**WHAT IS NEEDED:** The material below is to be copied exactly from the line with "Fototapeta Próbka Samoprzylepna" up to and including the line with "圖四說明:雙劍花加上腳步轉身技巧,考驗同學左右腳協調性。", with nothing else kept and no pictures.

**RECORD EXTRACTS:**

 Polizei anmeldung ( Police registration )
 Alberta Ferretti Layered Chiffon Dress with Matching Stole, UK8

==

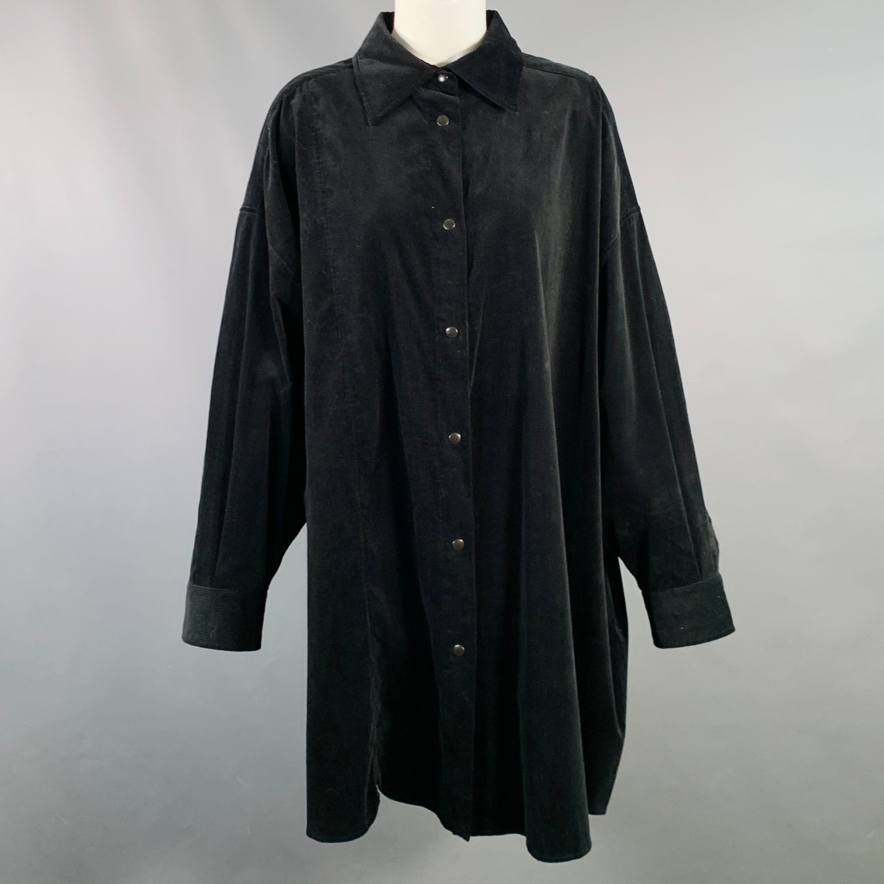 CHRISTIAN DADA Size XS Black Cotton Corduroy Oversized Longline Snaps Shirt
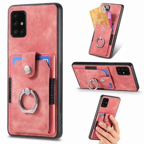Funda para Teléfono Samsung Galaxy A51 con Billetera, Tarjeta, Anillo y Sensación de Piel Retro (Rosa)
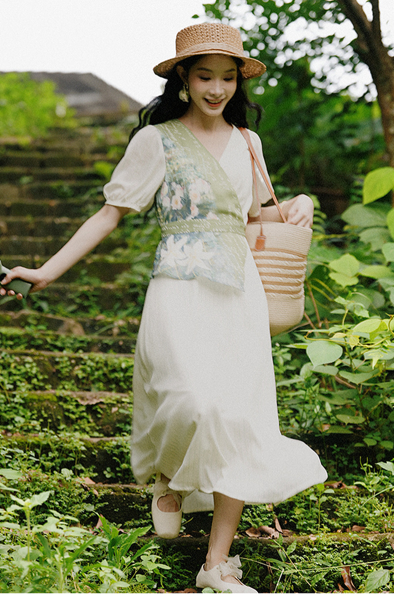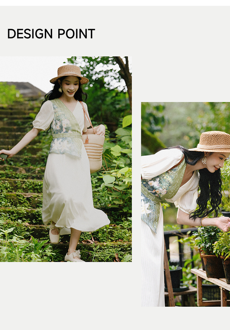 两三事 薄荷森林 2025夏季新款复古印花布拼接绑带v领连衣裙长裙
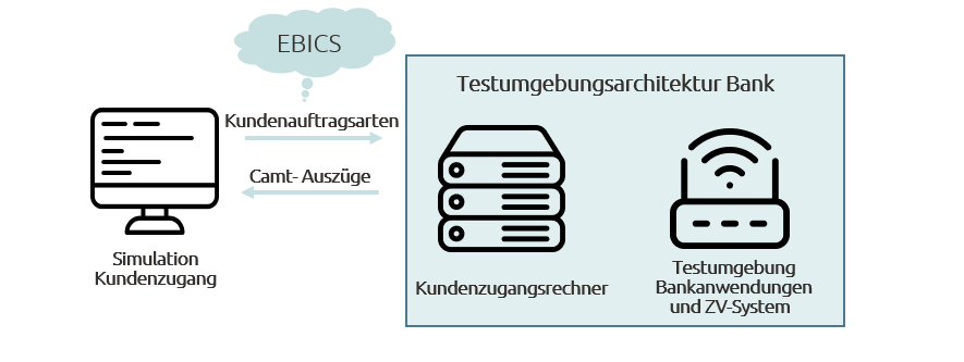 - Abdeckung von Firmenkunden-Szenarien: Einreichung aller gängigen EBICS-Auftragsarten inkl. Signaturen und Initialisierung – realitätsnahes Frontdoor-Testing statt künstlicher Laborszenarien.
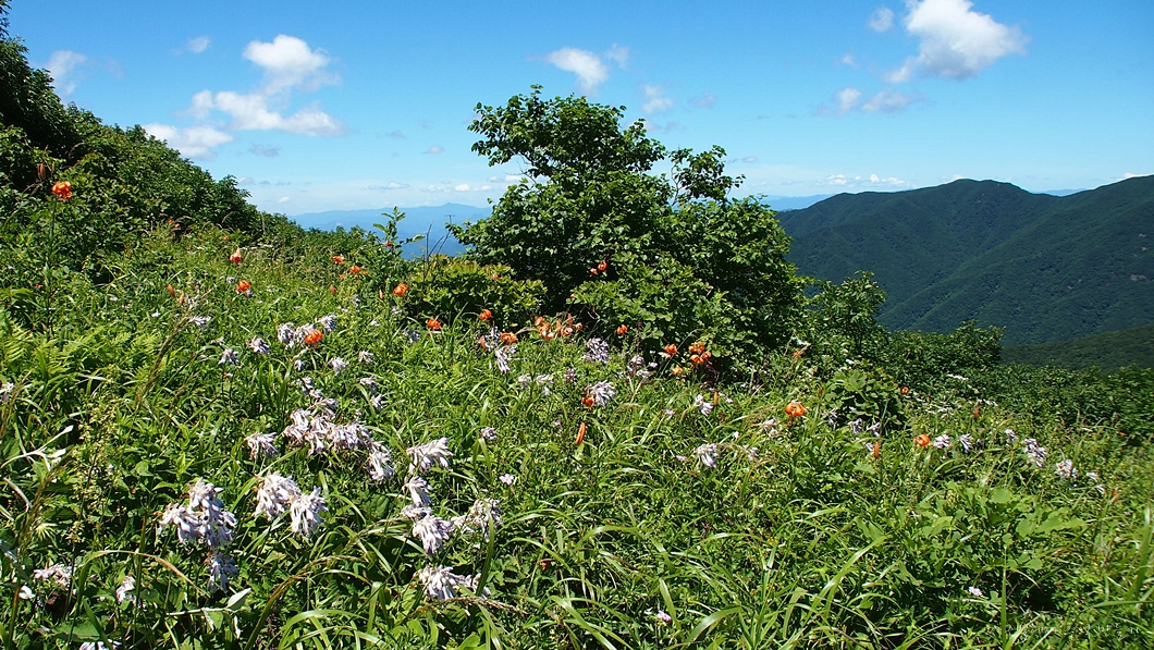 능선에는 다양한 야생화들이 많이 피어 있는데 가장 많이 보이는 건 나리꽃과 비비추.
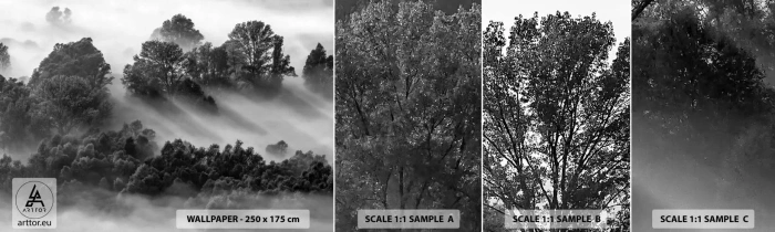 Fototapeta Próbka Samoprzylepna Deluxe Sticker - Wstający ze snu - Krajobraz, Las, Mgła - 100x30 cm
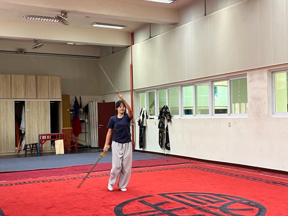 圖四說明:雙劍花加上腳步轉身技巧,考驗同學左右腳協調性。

---

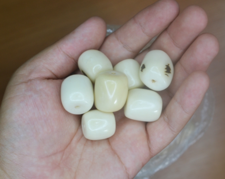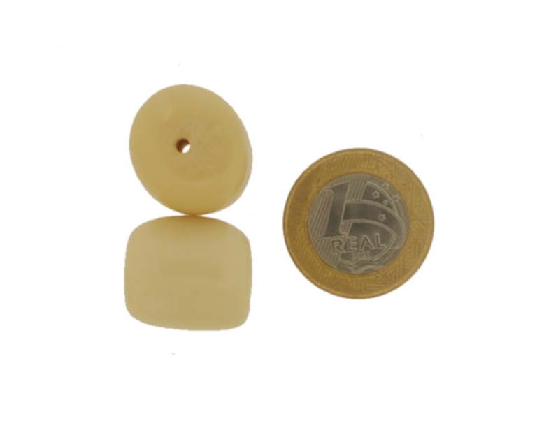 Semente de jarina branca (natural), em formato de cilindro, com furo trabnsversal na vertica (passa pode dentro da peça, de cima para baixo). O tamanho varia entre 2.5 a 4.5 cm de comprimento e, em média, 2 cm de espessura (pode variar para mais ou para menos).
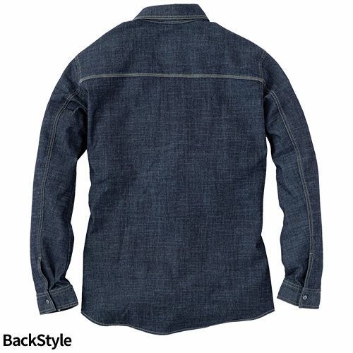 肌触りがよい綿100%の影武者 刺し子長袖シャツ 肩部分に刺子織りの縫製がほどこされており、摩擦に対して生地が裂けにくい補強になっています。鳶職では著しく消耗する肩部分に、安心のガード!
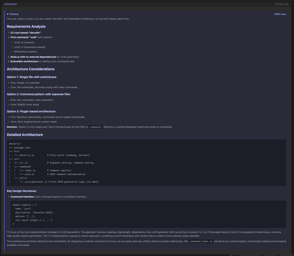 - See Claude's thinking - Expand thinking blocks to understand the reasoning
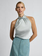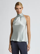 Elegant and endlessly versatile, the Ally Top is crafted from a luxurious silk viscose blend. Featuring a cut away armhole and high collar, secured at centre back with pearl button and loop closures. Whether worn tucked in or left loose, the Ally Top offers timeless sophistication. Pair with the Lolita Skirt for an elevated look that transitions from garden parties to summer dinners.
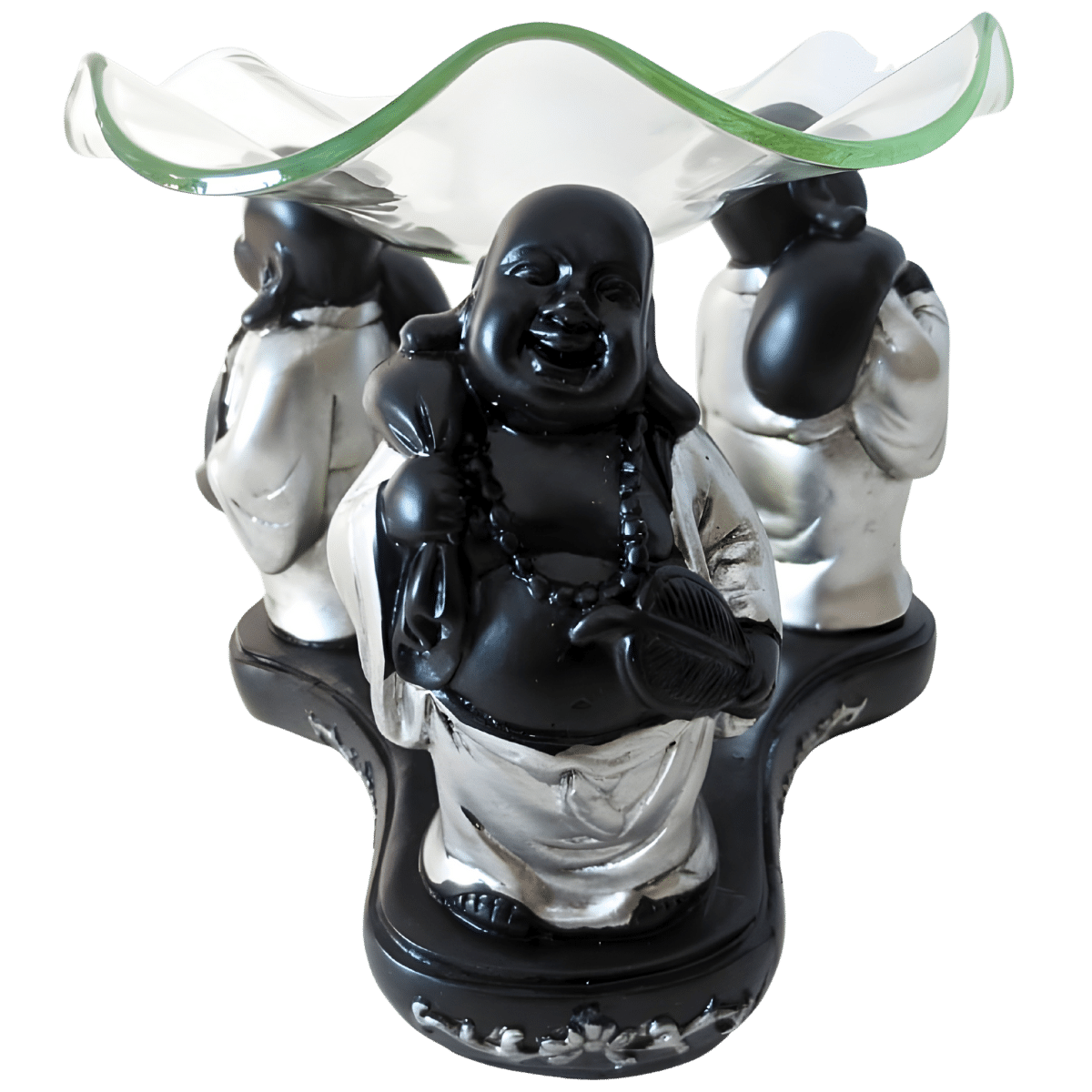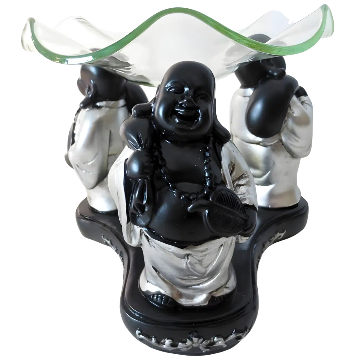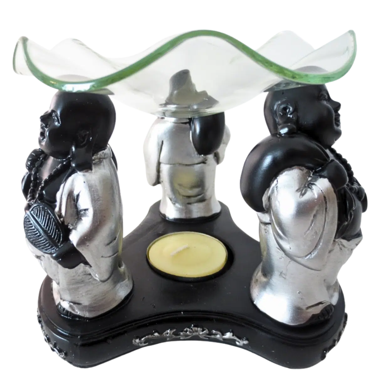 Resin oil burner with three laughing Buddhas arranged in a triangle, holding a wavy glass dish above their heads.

**TASK RESPONSE:**
 Fototapeta Próbka Samoprzylepna Deluxe Sticker - Wstający ze snu - Krajobraz, Las, Mgła - 100x30 cm
 圖四說明:雙劍花加上腳步轉身技巧,考驗同學左右腳協調性。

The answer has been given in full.